Square: Area = S × S = S 2

area of triangle.

Triangle: Area = (1 / 2) × H × B

area of parallelogram.

Parallelogram: Area = L × H

area of trapezoid .

Trapezoid: Area = (1 / 2) × H × (B1 + B2)

    Answer the Following Questions

  1. Use the grid to determine the dimensions of the figures below and then use the formulas to calculate their areas.

    area of different figures .

  2. Determine the dimensions of the figures below and then calculate their areas.

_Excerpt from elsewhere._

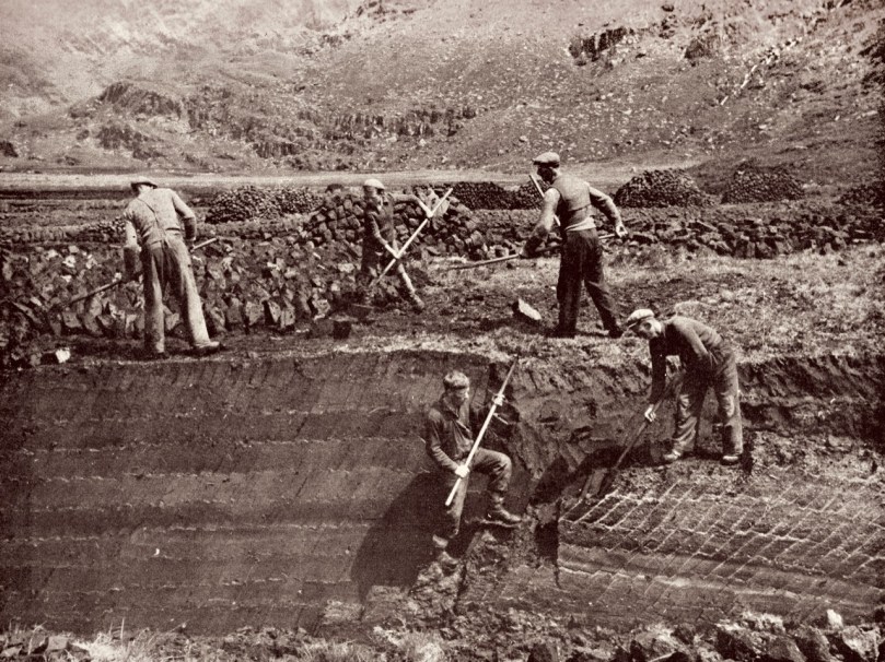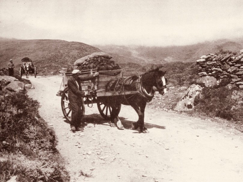 Tomás Ó Muircheartaigh (1907 – 1967) was an amateur photographer who recorded life in rural Ireland during the first half of the twentieth century. We have used examples of his work in previous posts. These two prints (above) demonstrate the hand-working of peat faces and the transporting of sods from the workings. Our Old Bog Road would have seen similar sights in its heyday.

    area of more different figures .

Solutions to the Above Problems

  1. Solution

    We first determne the dimensions needed to calculate the area then use the formulas for each figure.

    1. The figure in part a) is a rectangle of width AD = 3 units and length DC = 4 units. Hence the area is given by
      Area = Length × witdh = 4 × 3 = 12 unit 2

    2. The figure in part b) is a square of side HG = 3 units. Hence the area is given by
      Area = Side × Side = 3 × 3 = 9 unit 2

    3. The figure in part c) is a right triangle of height H = ML = 3 and base B = MN = 4. The area is given by
      Area = (1 / 2) × H × B = (1 / 2) × 3 × 4 = 6 unit 2

    4. The figure in part d) is a right triangle of same dimension as the right triangle in part c): Height H = IJ = 3 and base B = JK = 4. The area is given by
      Area = (1 / 2) × H × B = (1 / 2) × 3 × 4 = 6 unit 2

    5. The figure in part e) is a parallelogram of length L = OP = 5 units and the distance H between OP and RQ = 3 units (see figure below) . The area is given by

      area of parallelogram.


      Area = L × H = 5 × 3 = 15 unit 2
      Note that H is perpendicular to both OP and RQ.
  2. Solution

    We first need to identify the figure, determine its dimensions and then calcualte the area.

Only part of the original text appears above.